The concept of religious eternity is a kind of death, when you read what is actually written about it. From Buddhist nirvana to the Christian heaven, the state is described as one where time no longer passes, nothing comes to fruition or develops, nothing is exchanged, no information is gradually revealed, no growth takes place, no relationships are formed, and nothing is at stake. There is no reason to care about anything in eternity, and nothing to be passionate about. So, when most religious people imagine the afterlife, for example, they replace this permanent blissful stasis with an indefinite extension of what their earthly lives were like. They imagine being reunited with loved ones who have passed, or forming new bonds with prior enemies. There is a lot of literature that gets passed around by the Witnesses of Jehova depicting a heavenly world with people wandering around in fields of trees; where are they going? What could they possibly have to do, in a state where literally nothing matters and nothing happens?
Augustine wrote a lot about this dichotomy when discussing the loss of a friend or lover, for whom the prospect of their eternal life offered him little consolation because it wasn't a replacement of the finite, fragile, meaningful lives they embodied on earth.
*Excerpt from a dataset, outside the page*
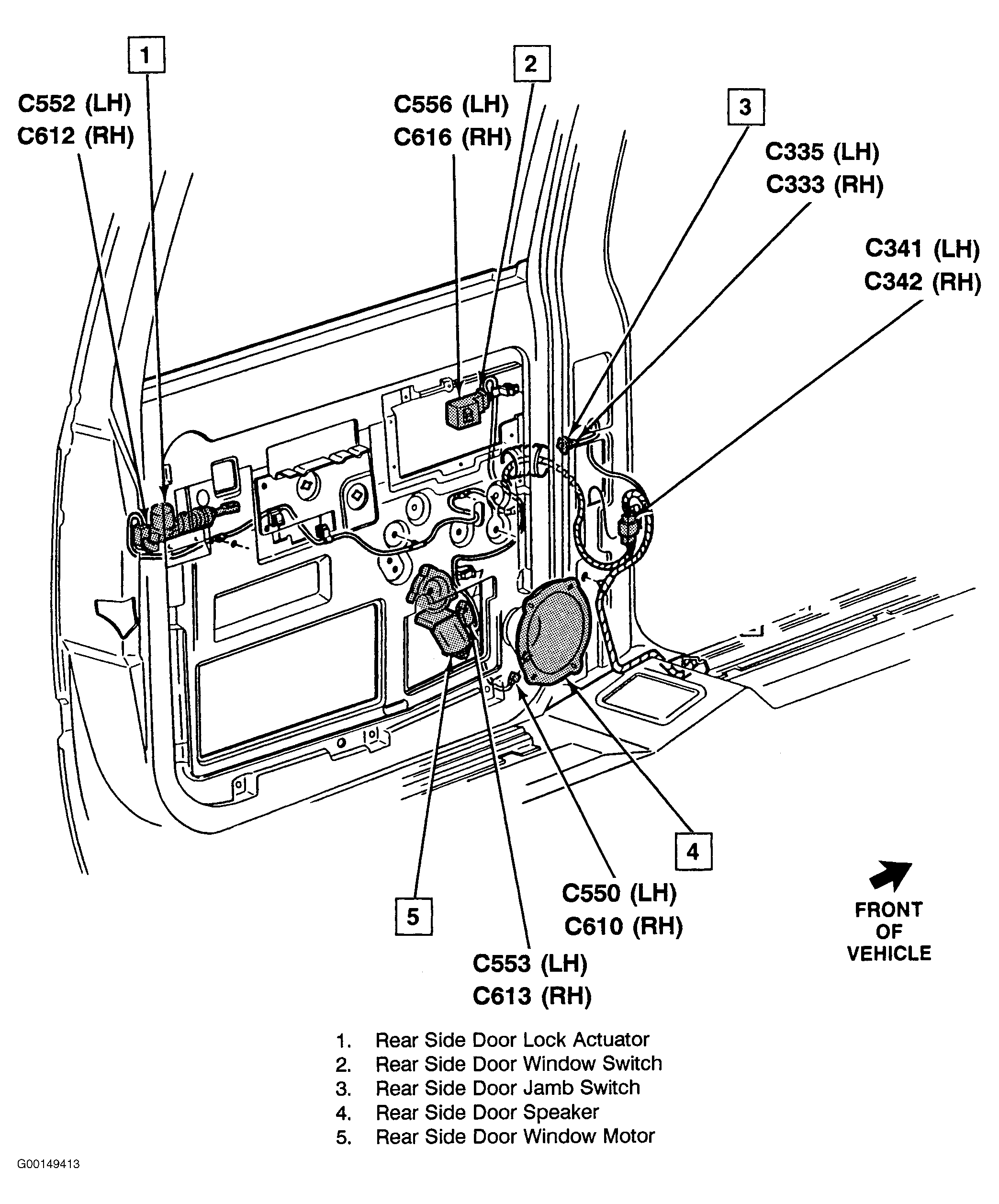 | C342 (Crew Cab, Utility & Suburban) | At Right Center Pillar. See Fig 5 . |

What the author of the book returns to over and over is that humans don't want eternal life, we want to live on. Living on is being situated in the present moment, with a past full of memories to draw upon and an uncertain future to anticipate. It hinges on the fact that things can fail and die, and that many of those things can never be replaced. This precarious balance is what we maintain and derive joy in maintaining, as well as suffering. It gives important things their value and provides meaning to life's ups and downs, which is why we mourn and try to make things better for ourselves and others.
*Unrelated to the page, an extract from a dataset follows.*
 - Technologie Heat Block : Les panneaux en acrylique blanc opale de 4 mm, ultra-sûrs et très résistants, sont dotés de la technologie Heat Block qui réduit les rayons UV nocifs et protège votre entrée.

A good example that gets mentioned early in the book is how, during the funeral ceremony for the victims of Sandy Hook, there were two contrary messages being pushed: one being that nothing bad has truly happened since all of the victims are in a place of bliss and peace, the other being that we should do everything in our power to prevent there being any more victims of such attacks in the future. If there was really no reason to grieve at the deaths of children, then we wouldn't try to minimize them. We do, and even the faithful do, because even as some believe the victims' souls are now in the eternal presence of God, they still must acknowledge that their earthly lives being ended was the irrevocable loss of something that cannot be replaced nor substituted by the heavenly version: a time-bound, dynamic, vulnerable, ongoing person that would have lived on (not forever, but indefinitely) if not for its cessation. Something is gone that was valuable, and it was valuable because it was always at risk for being taken away. No matter how glorious the perpetual, impersonal chorus of praise in heaven may be, it can never account for this loss because it's eternal and therefore dislocated from time, and time is what makes everything we cherish actually matter.